Sometimes the potential of a band is more tantalizing than the present, even if the present is still pretty entertaining. Take for instance Slovenia’s Siderean, who aren’t exactly new to the game, but are new to this version of their game. They began life as Teleport, who experienced a bit of musical evolution and a lot of lineup changes over their decade as a band. Teleport started as a very sci-fi-obsessed blackened thrash band like Vektor, but demo by demo expanded their sound to include more progressive flourishes and overall atmosphere. Always solid if not downright blazing, Teleport never got to the debut full length stage of band life.
At some point in 2020 the five guys in Teleport must have realized that they no longer really resembled Teleport as it started in 2010, so they changed the name to Siderean (also a brainier space/astronomy reference, so kudos there), and now they’ve arrived at the debut full length stage. Lost on Void’s Horizon is both better than and more complete in its vision than any of the Teleport snippets, but because it is also more ambitious it carries a bit of that “more potential than present” quality described above, even if (again) it’s still quite enjoyable and ought to please many an ear.
Opener “Eolith” does a good job of showing off Siderean’s range in terms of rhythmic approaches, riff aggression, and overall volume. The track contains a combination of determined but spry drives where the similarities to The Chasm are most obvious, disorienting dissonance, slower, doom tempos, and clean guitar passages that are the most direct connection to Opethian prog. Jan Brišar’s haggard, mid-range growls and screams offer just enough of a personality without distracting from the band’s cosmic intentions, while the melodic soloing appears at two key points to offer a narrative quality in contrast to the odd, almost alienating dissonance.
Most of the album maintains that core sound, but each tune finds a way to add just a little to the formula. “Sidereal Evolution,” for example, makes the best use of the band’s slower tempos, sometimes to create a sense of dread, and at others to expand that spacely expansiveness. When it speeds up it delivers a bunch of open-picked lead lines that sound almost directly lifted from older Mastodon (“Hearts Alive” to be specific), but it works.

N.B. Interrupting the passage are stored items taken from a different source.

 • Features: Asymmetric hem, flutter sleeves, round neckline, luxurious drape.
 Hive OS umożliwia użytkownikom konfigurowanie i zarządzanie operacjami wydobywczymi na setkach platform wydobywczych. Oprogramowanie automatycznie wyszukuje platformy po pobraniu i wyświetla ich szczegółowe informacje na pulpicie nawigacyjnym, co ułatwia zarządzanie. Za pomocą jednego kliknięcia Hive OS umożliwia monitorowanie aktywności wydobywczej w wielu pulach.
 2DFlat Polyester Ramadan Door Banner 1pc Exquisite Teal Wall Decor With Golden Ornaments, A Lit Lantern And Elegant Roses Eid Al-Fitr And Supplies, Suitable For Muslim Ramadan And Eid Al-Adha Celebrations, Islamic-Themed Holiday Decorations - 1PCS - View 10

Then there are the oddball keyboard sounds in “Coalescing into the Expanse” (like a 1960s idea of futuristic computer sounds) and a synth/ambient passage in the title track (obviously included for extra cosmic effect). More than enough little flairs to keep things interesting for 41 minutes without throwing any curveballs.

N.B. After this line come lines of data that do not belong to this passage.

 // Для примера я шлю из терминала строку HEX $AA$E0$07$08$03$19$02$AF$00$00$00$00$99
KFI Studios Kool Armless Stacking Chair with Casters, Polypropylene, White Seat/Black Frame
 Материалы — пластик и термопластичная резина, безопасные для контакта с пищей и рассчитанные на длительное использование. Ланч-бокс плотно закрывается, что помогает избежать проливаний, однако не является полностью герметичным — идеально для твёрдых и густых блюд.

All of these elements and the band’s tendency to always be on the move in some way mean that Lost on Void’s Horizon is always a good, entertaining listen, but it never quite reaches great status. Thankfully there’s potential galore here, and a touch more refinement in terms of songwriting (tightening up a couple track lengths) and riff variety (like less use of the dissonant hooks after most phrases) would go a long way to realizing that potential. There’s plenty to like about this debut, but hopefully even greater heights on future albums.